Discussion about the exact semantics of an XSCD fragment has been removed.

Deleted words "(less contentious)" and "Moreover, " from id solution.

Changed XML Schema Component Designator section, to indicate that XSCD is a good practice. In particular, see last paragraph.

Changed discussion subsection on user defined datatypes to suggest that both the (remaining) solutions are appropriate, and have no discussion. Changed title to Suggested Practice.

Discussion of harder examples rearranged and presented to illustrate the eq semantics.

Discussion of example 3J was incorrect and has been fixed.

Removed EDITORS' OPINION notes.

C.3 Changes in response to comment from Ashok Malhotra

Deleted all uses of the word "derivation" in section 1.3 since it has caused confusion. Added links to the XML Schema document for union, list and restriction, to make it clear that the intended concept is "derivation" as defined by that document.

Added brief discussion of target namespace after example 2A providing further examples example 2B and example 2C. Scoped this document to not address "XML Schema [...] assembled from multiple schema documents". Added reference [XML SCHEMA1].

In the XML Schema Component Designator section: added more extended discussion of target namespace issue; and added example XSCD for schema with target namespace.

Added text showing how the @id solution does comply with the secondary resource concept from RFC 3986, when read in conjunction with RDF Concepts, XPointer and XML Schema.

Added "by throwing a type error" to description of eq.

Deleted incorrect comment about INF eq INF.

Removed incorrect discussion of anyURI and string as being incomparable.
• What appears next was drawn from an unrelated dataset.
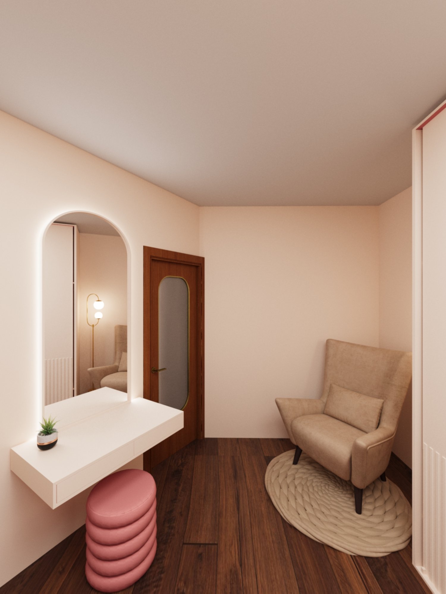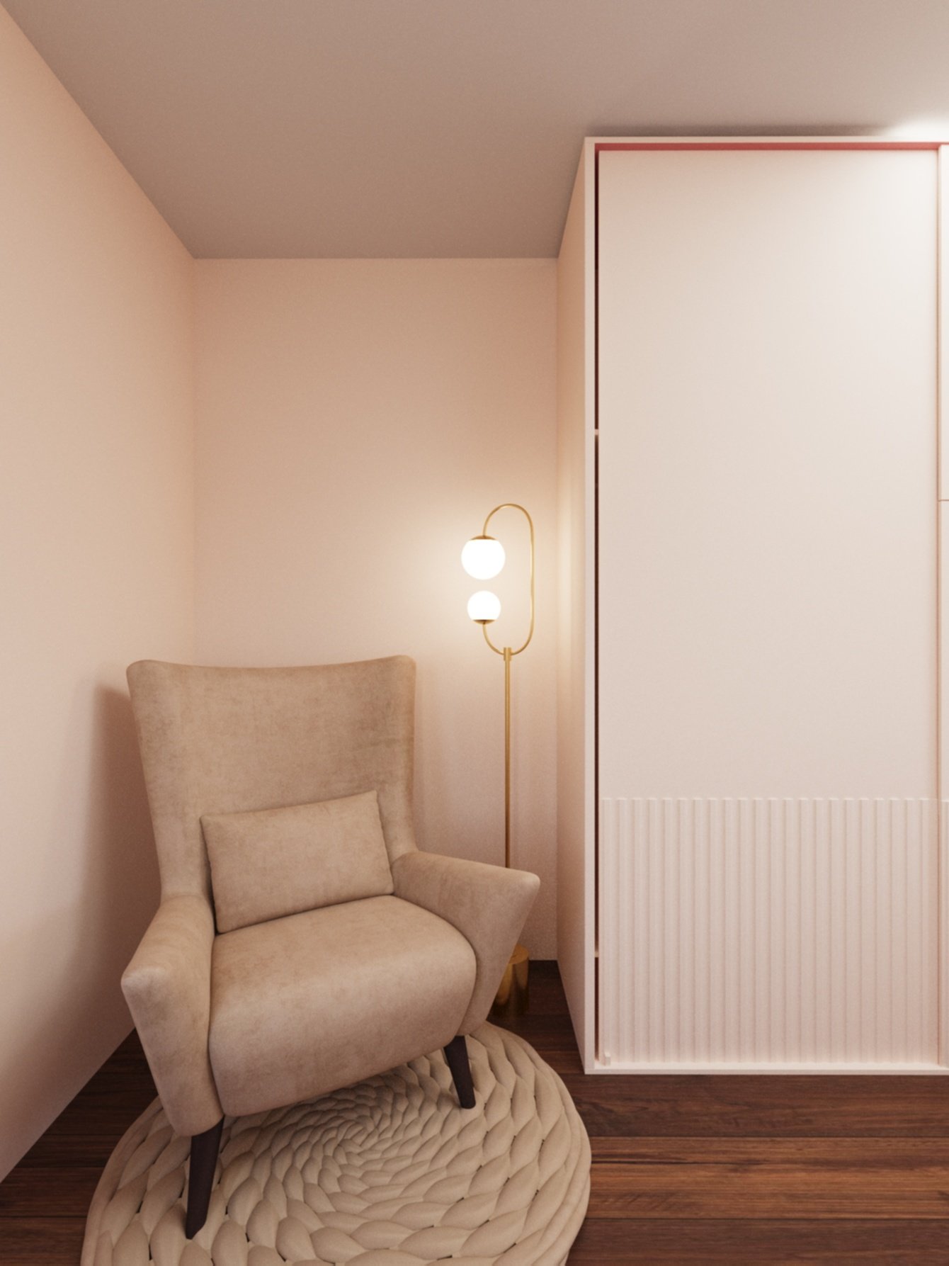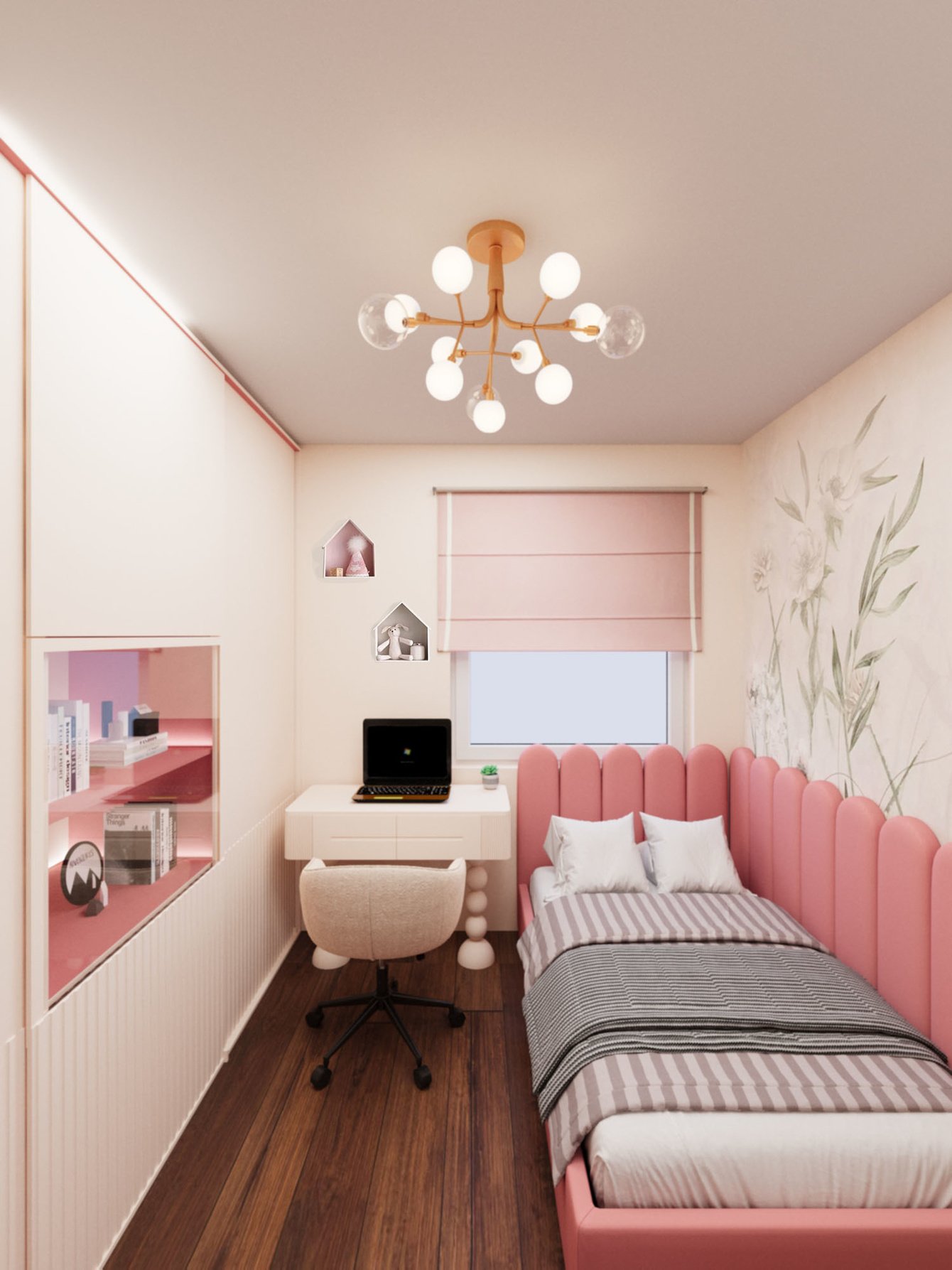 На основе технического задания разработали дизайн-проект и фотореалистичную визуализацию детской комнаты в уютной палитре розовых и светлых оттенков.

Changed example 3L to be an entailment, since the anyURI is promoted to a string.

C.4 Restructuring of section 3

Reordered subsections in section 3, deleting old 3.4, 3.6 and 3.7, and ordering the remaining subsections as follows: 3.1, 3.5, 3.2, 3.3. Followed by renumbering.

Text discussing examples has changed, and the change tracking is not detailed.

Moved definition of primitive base datatype from the examples subsection to the formal analysis subsection.

Deleted references to the examples from the new section 3.2 (was 3.5 )

C.5 Other changes

Added further acknowledgements.

Updated reference to RFC 2396 to be to RFC 3986

Updated Table of Contents

Deleted promise to characterize implementation variability of eq.

Removed unused references.

Updated versions of W3C WD's in references.